Nanoparticle size distribution measurement scheme using mass-to-charge ratio measurements with Vacuum Ultraviolet irradiation in medium vacuum

Abstract

With increasing demand for Virtual Metrology (VM) and Advanced Process Control (APC) in semiconductor manufacturing, the importance of in-situ quantitative monitoring of process results has grown beyond in-situ qualitative monitoring. Particle Size Distribution (PSD) analysis of nanoparticles ranging from several to hundreds of nanometers (nm) in diameter offers a possible method for the quantitative monitoring of plasma processes. However, conventional Particle Beam Mass Spectrometer (PBMS) systems designed for PSD analysis require pressures greater than hundreds of millitorrs for operation, which limits their applicability to modern semiconductor processes that require a medium vacuum. We propose a new PSD measurement scheme to perform PSD analysis for medium-vacuum processes. The hardware configuration includes a Vacuum Ultraviolet (VUV) irradiation chamber and a mass-to-charge ratio ($m/q$) measurement device consisting of a stacked-quadrupole-based charged particle funnel and Quadrupole Mass Analyzer (QMA). With this configuration, a PSD measurement algorithm is developed using a direct photoionization model-based Non-negative Least Squares (NNLSQ) method with gradient descent optimization. The PSD is estimated from multiple $m/q$ distributions measured under various VUV irradiation levels. The simulation results demonstrate that the proposed $m/q$ measurement scheme achieves an $m/q$ selection efficiency of 21% and a resolution of ± 3% for singly charged spherical Sodium Chloride (NaCl) nanoparticles at the sizes of 5–50 nm, which follow Maxwellian velocity distributions at 20 °C in the free molecular regime.
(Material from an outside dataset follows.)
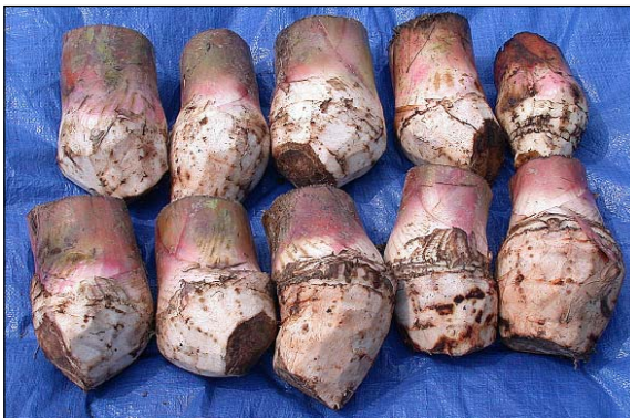
Figura 14. Cormos secados al aire libre y listos para siembra.

Este método es efectivo siempre que se sigan las instrucciones a cabalidad; sin embargo, presenta alto riesgo de toxicidad al humano como al medio ambiente, por lo que se recomienda preferentemente la utilización de cualquiera de los dos métodos inicialmente descritos en las secciones B.1 y B.2. De utilizar la desinfestación química, la persona encargada de la operación deberá utilizar durante toda la operación el equipo de protección adecuado consistente en: mascarilla, guantes de hule que cubran el antebrazo, anteojos protectores, delantal largo de caucho y camisa manga larga. El sobrante utilizado de la solución de pesticida puede ser aprovechado para aplicarlo con bomba de mochila al suelo de relleno y a los agujeros en los cuales se sembrarán los cormos-semilla en el campo. Para evitar obstrucciones en la boquilla será necesario colar dicho sobrante con un cedazo que remueva las partículas de suelo y tejido que se desprenden de los cormos-semilla durante el tratamiento.

Furthermore, under ideal photoionization-dominant conditions for NaCl nanoparticles with randomly assigned initial charges, peak-normalized target monodispersed PSDs with distribution change slopes ranging from $-$0.4 to 0.5 ${\text{nm}}^{-1}$ can be estimated in the size range of 5–50 nm, with mode errors within 5.6% and Geometric Standard Deviation (GSD) errors within 2.0%.